### TASK GOAL
Quote all entries exactly, leaving pictures aside.

[Recorded data]
---

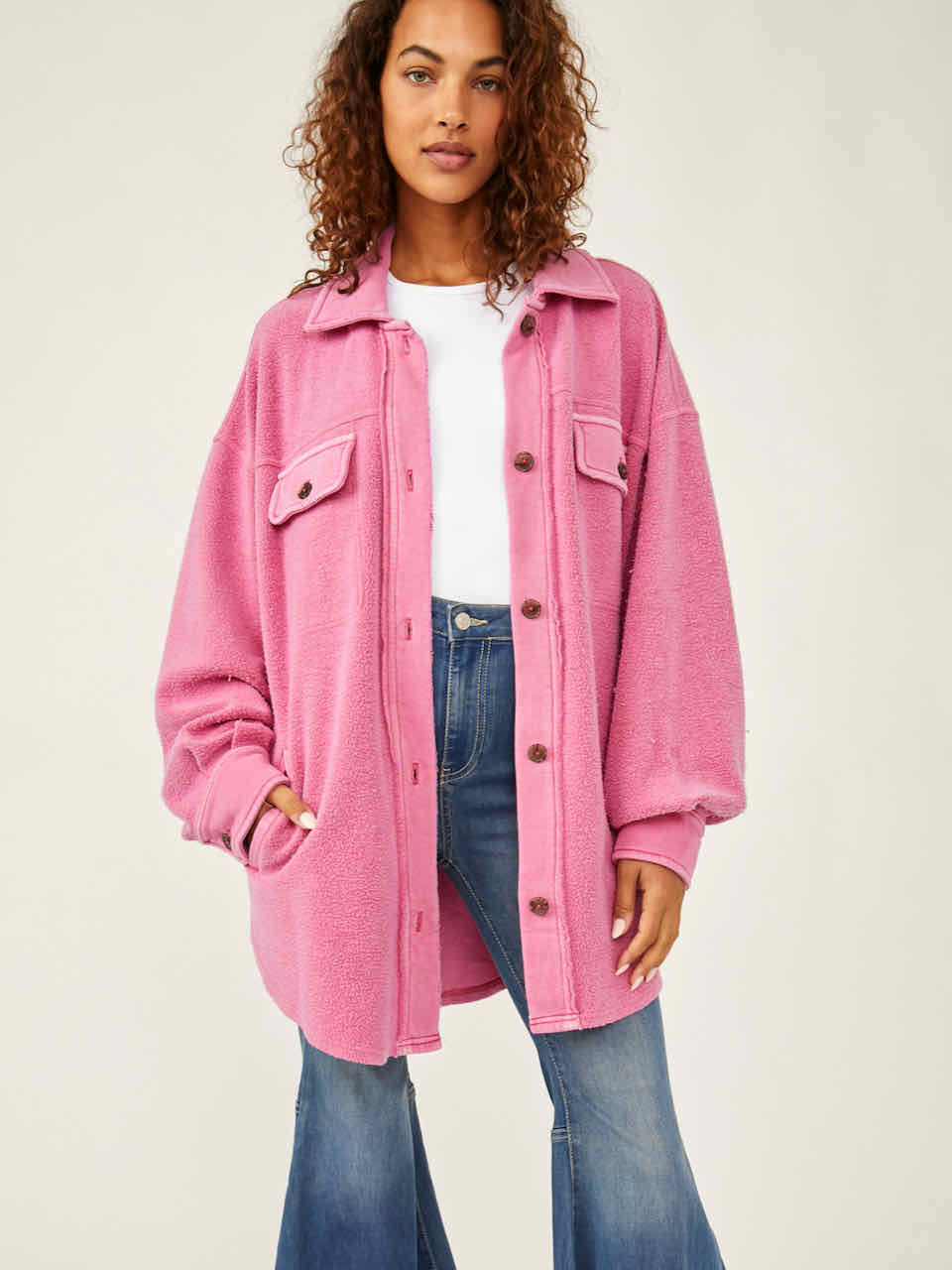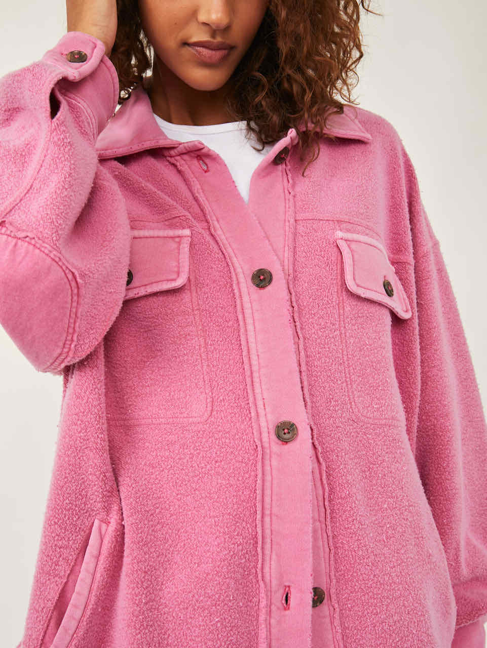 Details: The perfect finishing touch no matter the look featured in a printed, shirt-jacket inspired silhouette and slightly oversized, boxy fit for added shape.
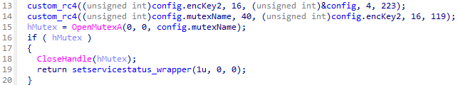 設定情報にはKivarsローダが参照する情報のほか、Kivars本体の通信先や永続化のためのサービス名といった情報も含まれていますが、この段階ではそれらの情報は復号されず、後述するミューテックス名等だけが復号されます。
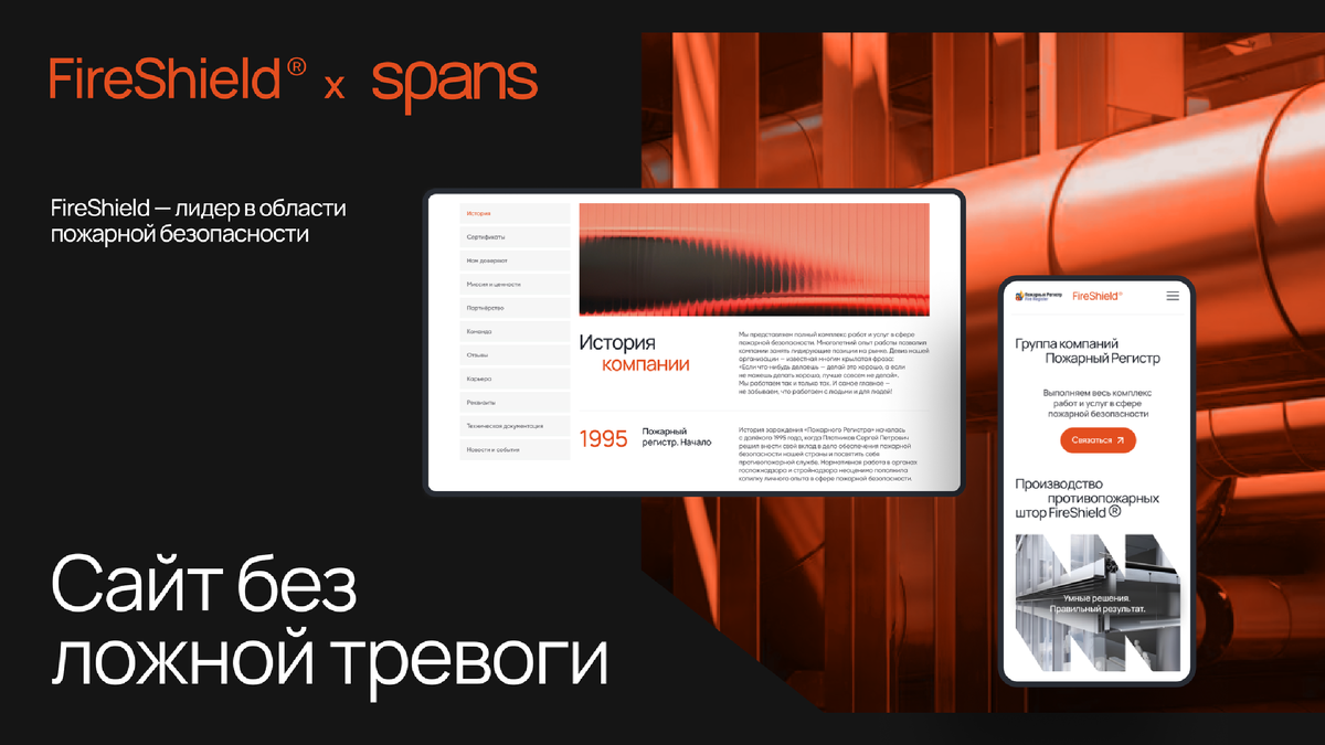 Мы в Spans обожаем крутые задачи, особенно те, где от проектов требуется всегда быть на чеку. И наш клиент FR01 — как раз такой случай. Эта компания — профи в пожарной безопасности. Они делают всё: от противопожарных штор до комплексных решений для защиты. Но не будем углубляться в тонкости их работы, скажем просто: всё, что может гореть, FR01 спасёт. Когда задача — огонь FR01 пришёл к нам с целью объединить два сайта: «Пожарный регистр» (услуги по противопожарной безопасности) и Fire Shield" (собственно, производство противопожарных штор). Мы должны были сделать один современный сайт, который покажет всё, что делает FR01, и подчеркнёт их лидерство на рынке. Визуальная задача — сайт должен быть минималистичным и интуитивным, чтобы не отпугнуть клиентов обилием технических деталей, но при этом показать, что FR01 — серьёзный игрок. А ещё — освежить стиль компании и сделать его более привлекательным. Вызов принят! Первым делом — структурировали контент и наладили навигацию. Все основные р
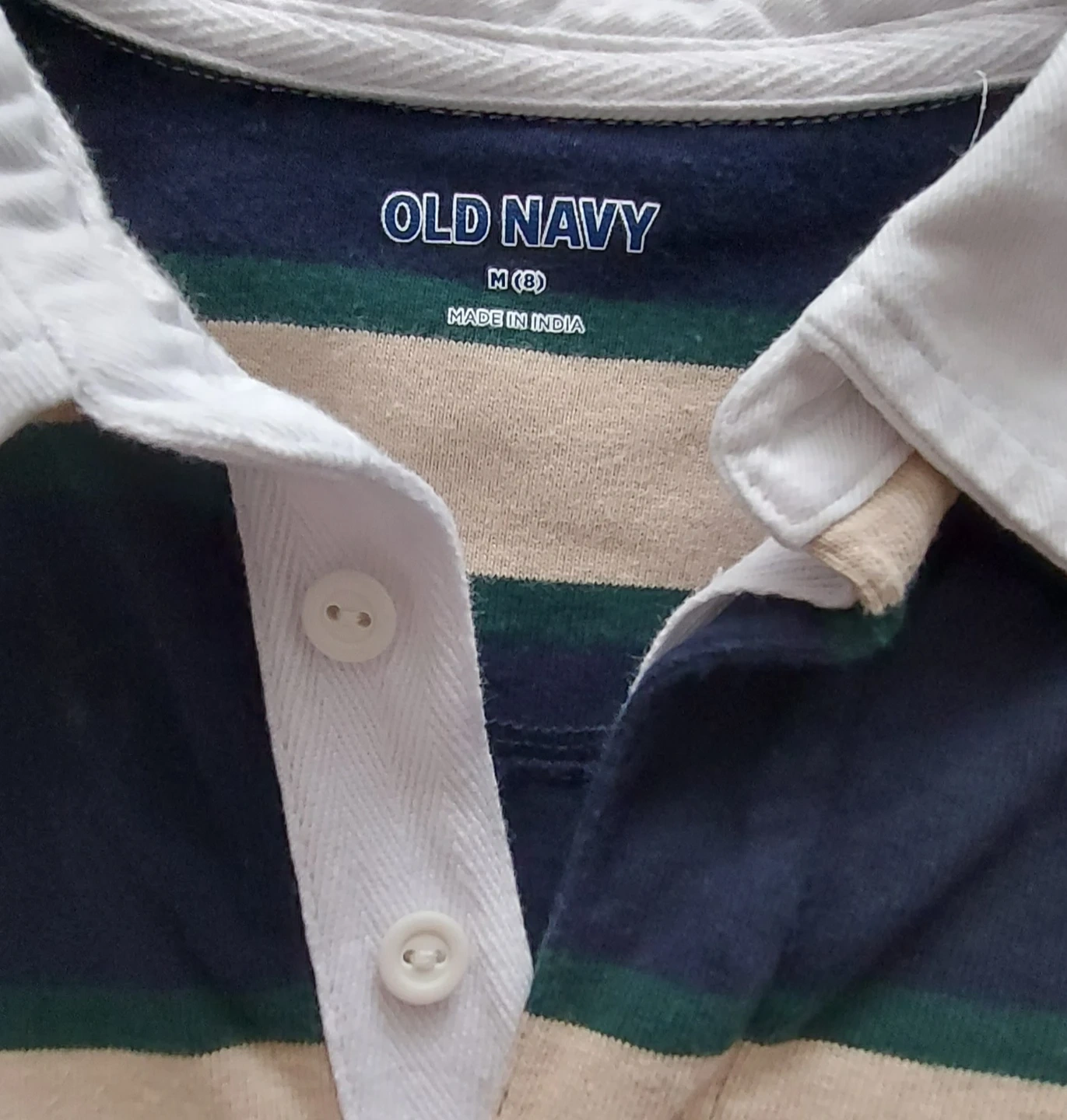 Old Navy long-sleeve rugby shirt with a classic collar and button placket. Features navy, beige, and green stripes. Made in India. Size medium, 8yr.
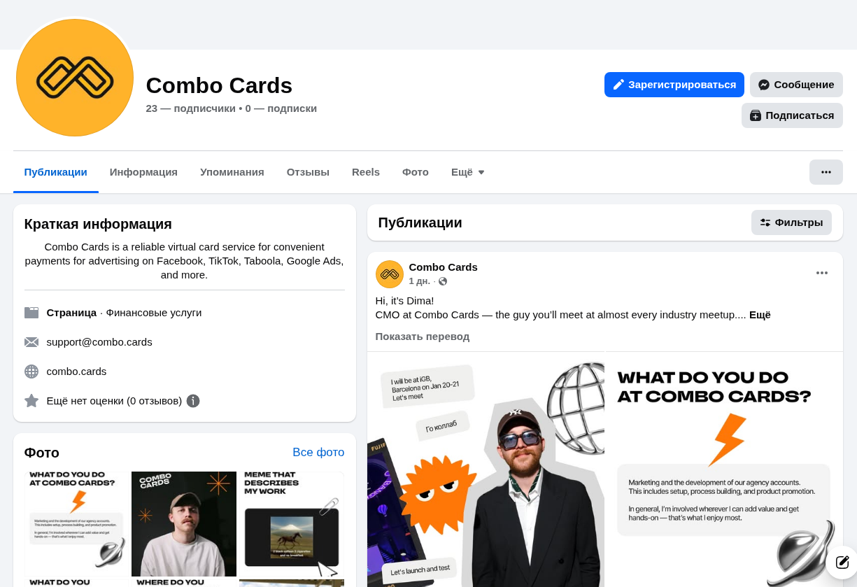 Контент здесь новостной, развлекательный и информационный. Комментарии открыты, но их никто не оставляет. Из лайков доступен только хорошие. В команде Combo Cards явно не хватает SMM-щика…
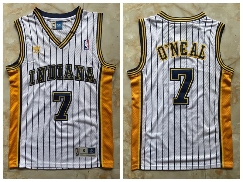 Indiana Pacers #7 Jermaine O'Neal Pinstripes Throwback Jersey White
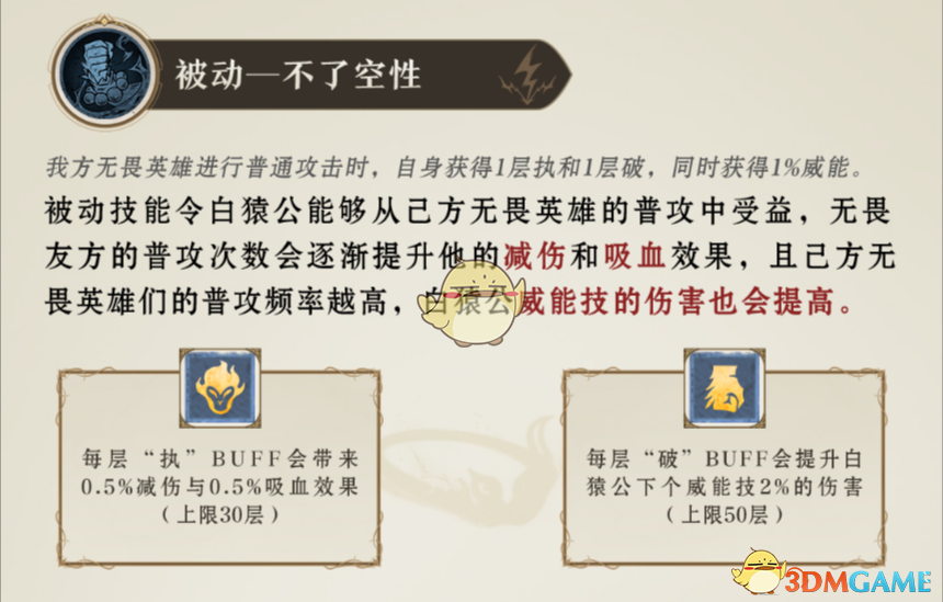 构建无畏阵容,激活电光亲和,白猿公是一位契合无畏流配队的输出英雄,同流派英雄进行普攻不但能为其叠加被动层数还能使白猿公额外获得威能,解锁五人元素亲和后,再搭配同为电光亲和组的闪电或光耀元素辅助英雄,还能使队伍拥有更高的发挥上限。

---

### SOLUTION FOR THIS PROBLEM
 Details: The perfect finishing touch no matter the look featured in a printed, shirt-jacket inspired silhouette and slightly oversized, boxy fit for added shape.
 設定情報にはKivarsローダが参照する情報のほか、Kivars本体の通信先や永続化のためのサービス名といった情報も含まれていますが、この段階ではそれらの情報は復号されず、後述するミューテックス名等だけが復号されます。
 Мы в Spans обожаем крутые задачи, особенно те, где от проектов требуется всегда быть на чеку. И наш клиент FR01 — как раз такой случай. Эта компания — профи в пожарной безопасности. Они делают всё: от противопожарных штор до комплексных решений для защиты. Но не будем углубляться в тонкости их работы, скажем просто: всё, что может гореть, FR01 спасёт. Когда задача — огонь FR01 пришёл к нам с целью объединить два сайта: «Пожарный регистр» (услуги по противопожарной безопасности) и Fire Shield" (собственно, производство противопожарных штор). Мы должны были сделать один современный сайт, который покажет всё, что делает FR01, и подчеркнёт их лидерство на рынке. Визуальная задача — сайт должен быть минималистичным и интуитивным, чтобы не отпугнуть клиентов обилием технических деталей, но при этом показать, что FR01 — серьёзный игрок. А ещё — освежить стиль компании и сделать его более привлекательным. Вызов принят! Первым делом — структурировали контент и наладили навигацию. Все основные р
 Old Navy long-sleeve rugby shirt with a classic collar and button placket. Features navy, beige, and green stripes. Made in India. Size medium, 8yr.
 Контент здесь новостной, развлекательный и информационный. Комментарии открыты, но их никто не оставляет. Из лайков доступен только хорошие. В команде Combo Cards явно не хватает SMM-щика…
 Indiana Pacers #7 Jermaine O'Neal Pinstripes Throwback Jersey White
 构建无畏阵容,激活电光亲和,白猿公是一位契合无畏流配队的输出英雄,同流派英雄进行普攻不但能为其叠加被动层数还能使白猿公额外获得威能,解锁五人元素亲和后,再搭配同为电光亲和组的闪电或光耀元素辅助英雄,还能使队伍拥有更高的发挥上限。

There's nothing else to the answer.